Transfer learning is a technique in deep learning where a pre-trained model is reused on a new problem. It is popular in deep learning because it can train deep neural networks with comparatively little data. Instead of starting the learning process from scratch, transfer learning tries to exploit what has been learned in one task to improve generalization in another. The weights that a network has learned at "task A" are transferred to a new "task B". The general idea is to use the knowledge a model has learned from a task with a lot of available labeled training data in a new task that doesnt have much data.

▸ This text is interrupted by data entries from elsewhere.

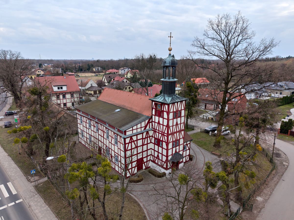 <p>Pracze Odrzańskie, widok z drona. Na zdjęciu kości&oacute;ł pw. św. Anny.</p> Oleksandr Poliakovsky
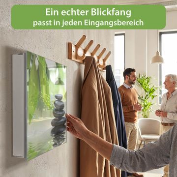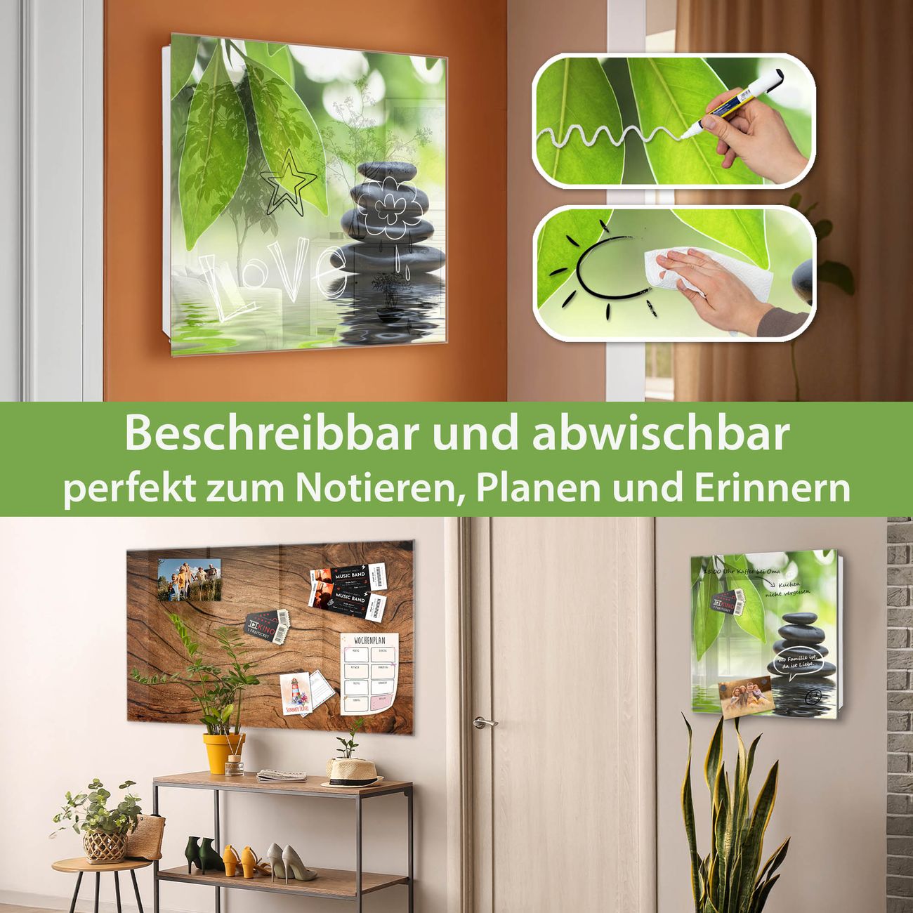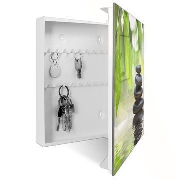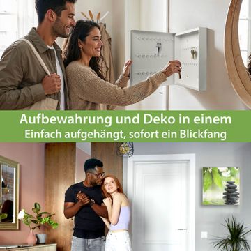 Bringe Ordnung und Eleganz in deinen Eingangsbereich mit dem banjado Schlüsselkasten Motiv Motiv Steine&Relax. Die moderne Schlüsselbox kombiniert funktionales Design mit hochwertiger Verarbeitung und wird so zu einem echten Hingucker in Flur, Büro oder Ferienwohnung. ✅ Stilvolle Schlüsselaufbewahrung mit Glasfront im Motiv Motiv Steine&Relax Der Design-Schlüsselkasten Motiv Motiv Steine&Relax bietet Platz für bis zu 50 Schlüssel, die auf 5 stabilen Reihen mit je 10 Haken übersichtlich verstaut werden. Mit seinen kompakten Maßen von 30 x 30 x 5 cm passt die Schlüsselbox perfekt auch in kleinere Räume. Der weiß lackierte Stahlkorpus mit rechts angeschlagenem Türscharnier harmoniert mit der Glasfront und fügt sich nahtlos in jedes Wohnambiente ein. Ob als Schlüsselorganizer für Zuhause oder als praktische Lösung für Büros, Praxen und Gewerbe, der banjado Schlüsselkasten sorgt für Ordnung und Übersicht. Dank der magnetischen, mit Kreidestiften beschreibbaren Glasfront kannst du Notizen anheften oder Termine direkt auf der Oberfläche festhalten. Die Schlüsselbox Motiv Motiv Steine&Relax zur Wandmontage wird inklusive Befestigungsmaterial geliefert und ist schnell angebracht. So hast du deine Schlüssel jederzeit griffbereit und zugleich stilvoll verstaut. Mit diesem banjado Schlüsselkasten Motiv Motiv Steine&Relax kombinierst du praktische Aufbewahrung mit stilvollem Wohndesign. Ob privat oder geschäftlich, die Schlüsselbox sorgt für mehr Ordnung, Übersicht und ein wohnliches Ambiente.Vorteile im Überblick
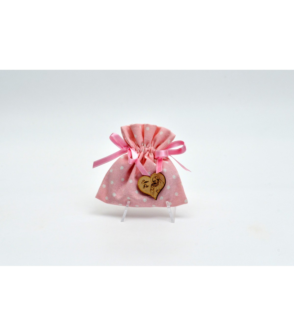SACCHETTO IN COTONE A POIS PER POT-POURRI. CHIUSURA IN RASO. APPLICAZIONE DI UN CUORE IN LEGNO CON INCISIONE DELL'IMMAGINE RAFFIGURANTE SAN PIO.
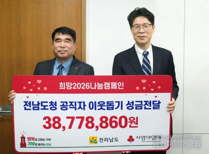 이번 성금은 2025년 12월 1일부터 2026년 1월 31일까지 두 달간 진행한 ‘희망2026나눔캠페인’ 일환으로, 전남도와 도의회, 소방본부 등 직원 2천242명이 자발적으로 동참해 마련했다.
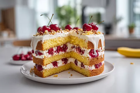 Медовый торт с бананом и вишней: нежный бисквит, сметанный крем за 1 час + пропитка
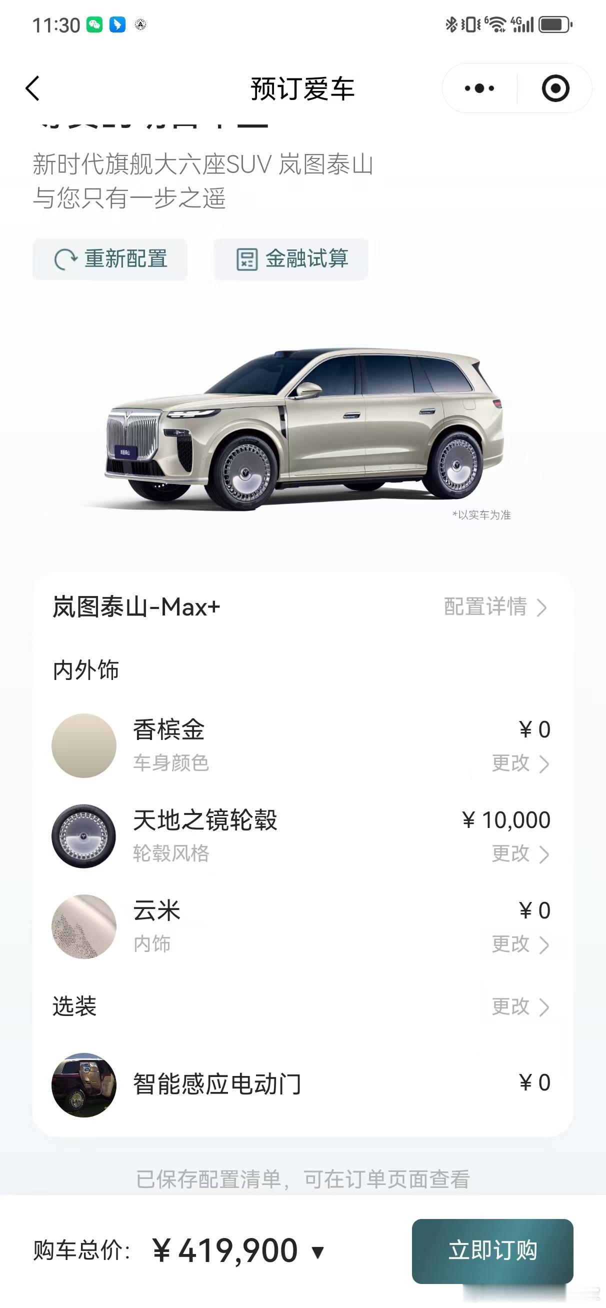 苦等两个月的大家伙终于上市了,今天下午还和同事猜最终价格是37到45,刨去黑武士版,基本猜对了99%因为对后轮转向有刚需,所以综合考虑MAX+更符合我的需求。没选双拼色,选的更低调优雅的香槟+大饼轮。关键还免费升级电动门,这可太香了着实有点迫不及待提车了

Transfer learning is not a machine learning technique, but can be seen as a "design methodology" within the field. It is also not an exclusive part or study-area of machine learning. Nevertheless, it has become quite popular in combination with neural networks that require huge amounts of data and computational power.
Transfer learning can be applied to various tasks, such as image classification and natural language processing. It is particularly useful when there is a small training dataset, as the weights from the pre-trained models can be used to initialize the weights of the new model. The advantage of pre-trained models is that they are generic enough for use in other real-world applications.
Some key benefits of transfer learning include:
- Improved performance: Transfer learning can help achieve significantly higher performance than training with only a small amount of data.
- Computational efficiency: Transfer learning is computationally efficient and helps achieve better results using a small data set.
- Leveraging pre-trained models: Transfer learning leverages feature representations from a pre-trained model, so a new model doesnt have to be trained from scratch.
Overall, transfer learning is a powerful technique that can help improve the performance of deep learning models, especially when there is limited data available.